▸ Work item
Each line from the one with "HEYZOEY Table de" through the last line of the material is to be printed exactly; no other line and no picture belongs in the copy.
** Opening Data extract block **
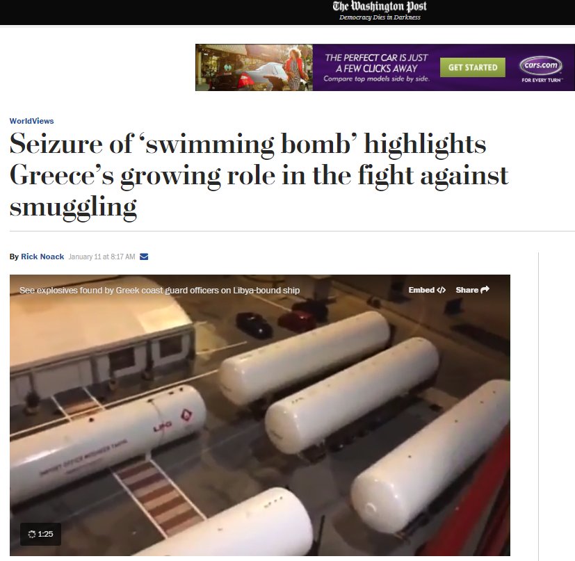 Η αμερικανική εφημερίδα σημειώνει ότι στις 6 Ιανουαρίου 2018, οι ελληνικές αρχές επιβιβάστηκαν σε πλοίο το οποίο υποτίθεται ότι είχε προορισμό την Αραβική Χερσόνησο, χωρίς ωστόσο να διαθέτει ναυτικούς χάρτες με τον προορισμό αυτό.
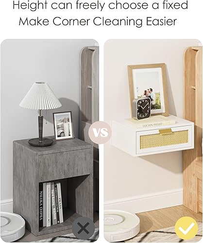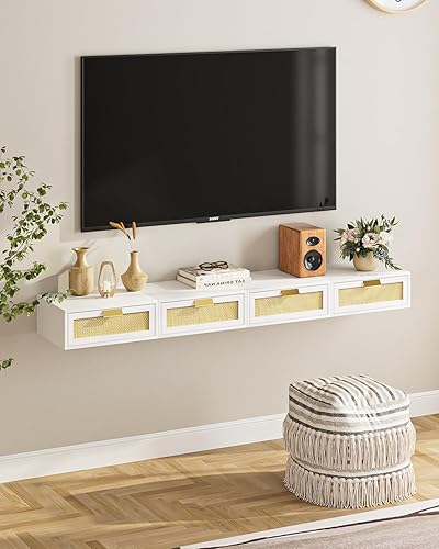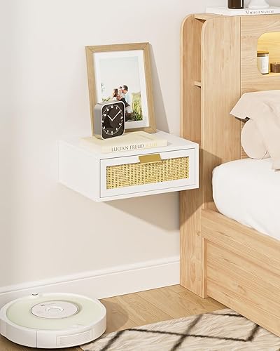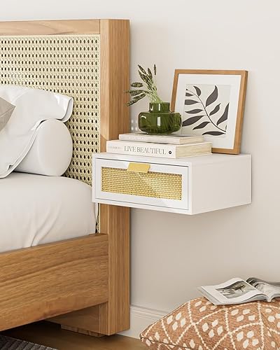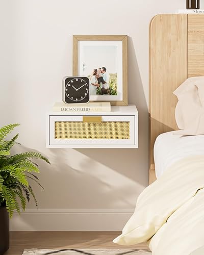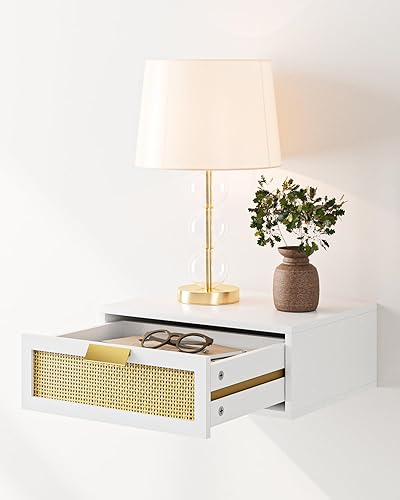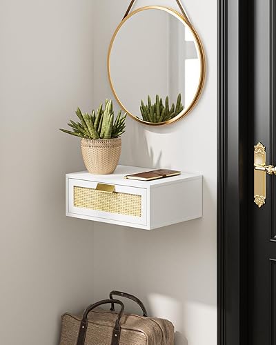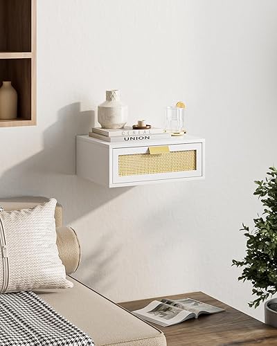 HEYZOEY Table de chevet flottante en rotin avec tiroir - Étagère flottante pour salon, salle de bain, chambre à coucher - Blanc
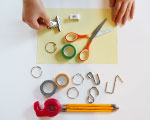 ストローを曲げてつなげて、いろいろなかたちをつくってみよう。
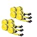 HEAVY DUTY & DURABLE - Yellow polyester webbing that doesn't absorb moisture, shrink, or stretch, increasing their reliability and lifespan - Heavy Duty Ratchet straps heavy duty
** Closing Data extract block **
▸ Reply
 HEYZOEY Table de chevet flottante en rotin avec tiroir - Étagère flottante pour salon, salle de bain, chambre à coucher - Blanc
 ストローを曲げてつなげて、いろいろなかたちをつくってみよう。
 HEAVY DUTY & DURABLE - Yellow polyester webbing that doesn't absorb moisture, shrink, or stretch, increasing their reliability and lifespan - Heavy Duty Ratchet straps heavy duty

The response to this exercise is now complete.